The object of the Editors of this series is a very definite one. They desire above all things that, in their humble way, these books shall be the ambassadors of goodwill and understanding between East and West—the old world of Thought and the new of Action. In this endeavour, and in their own sphere, they are but followers of the highest example in the land. They are confident that a deeper knowledge of the great ideals and lofty philosophy of Oriental thought may help to a revival of that true spirit of Charity which neither despises nor fears the nations of another creed and colour.
L. CRANMER-BYNG.
S. A. KAPADIA.
Northbrook Society,
21 Cromwell Road,
Kensington, S. W.
Let us imagine we are in a village of an Aryan tribe in the Eastern Panjab something more than thirty centuries ago. It is made up of a few large huts, round which cluster smaller ones, all of them rudely built, mostly of bamboo; in the other larger ones dwell the heads of families, while the smaller ones shelter their kinsfolk and followers, for this is a patriarchal world, and the housefather gives the law to his household.
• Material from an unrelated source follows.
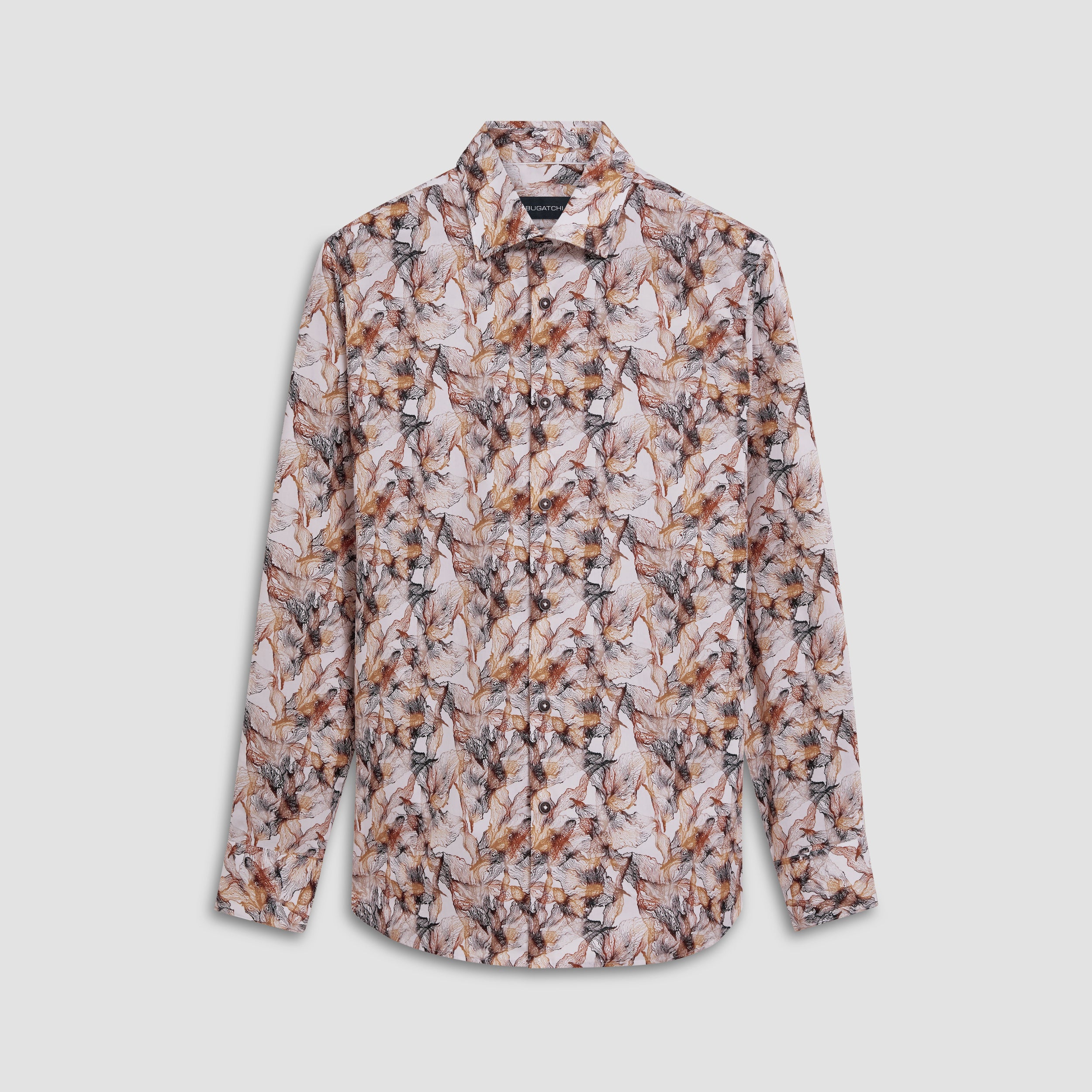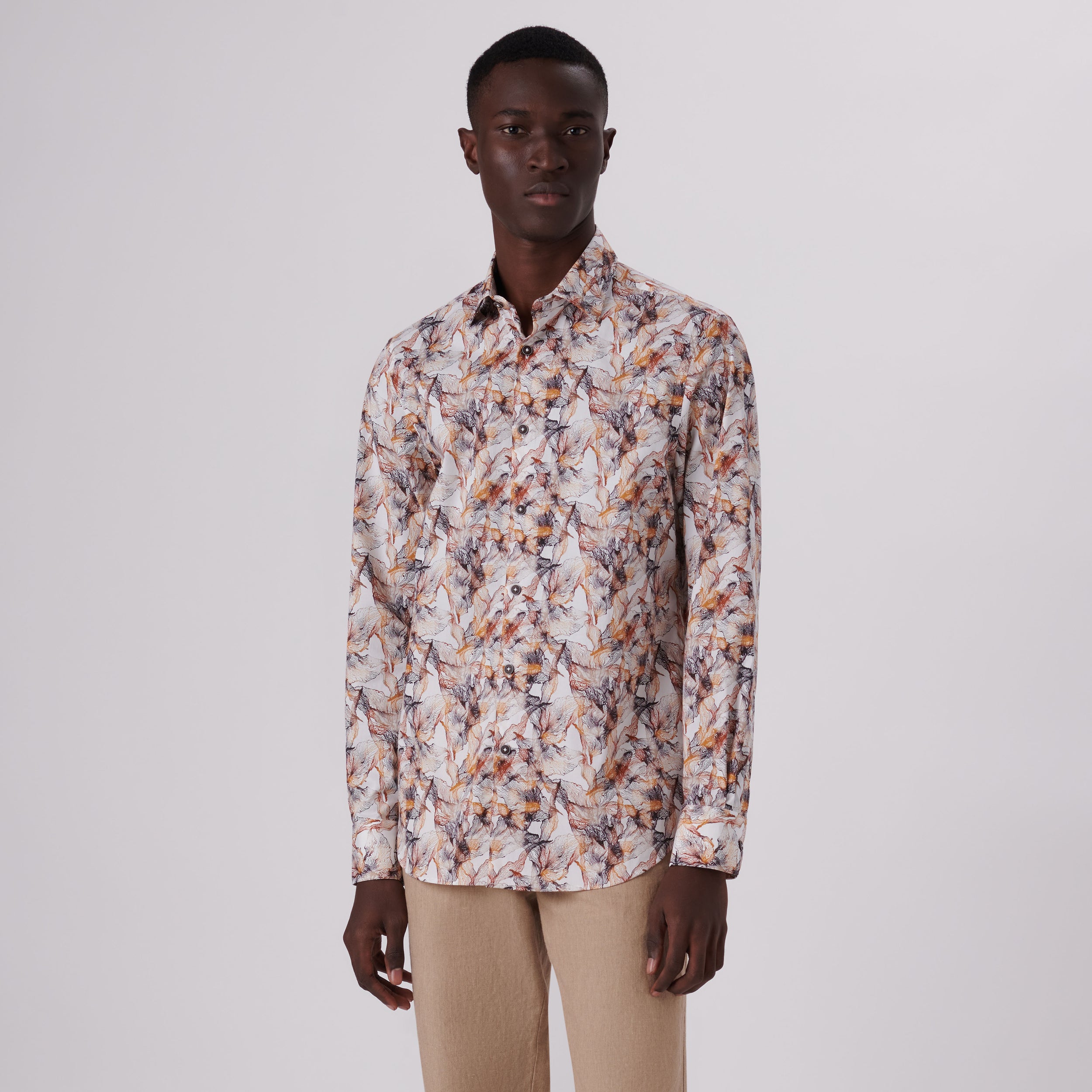 Julian abstract print long-sleeved shirt in comfort stretch cotton with point collar, French placket, adjustable notched cuffs, genuine shell buttons and a curved hemline.

The people are mostly a comely folk, tall and clean-limbed, and rather fair of skin, with well-cut features and straight noses; but among them are not a few squat and ugly men and women, flat-nosed and nearly black in colour, who were once the free dwellers in this land, and now have become slaves or serfs to their Aryan conquerors. Around the village are fields where bullocks are dragging rough ploughs; and beyond these are woods and moors in which lurk wild men, and beyond these are the lands of other Aryan tribes. Life in the village is simple and rude, but not uneventful, for the village is part of a tribe, and tribes are constantly fighting with one another, as well as with the dark-skinned men who often try to drive back the Aryans, sometimes in small forays and sometimes in massed hordes. But the world in which the village is interested is a small one, and hardly extends beyond the bounds of the land where its tribe dwells. It knows something of the land of the Five Rivers, in one corner of which it lives, and something even of the lands to the north of it, and to the west as far as the mountains and deserts, where live men of its own kind and tongue; but beyond these limits it has no knowledge. Only a few bold spirits have travelled eastward across the high slope that divides the land of the Five Rivers from the strange and mysterious countries around the great rivers Gaṅgā and Yamunā, the unknown land of deep forests and swarming dark-skinned men.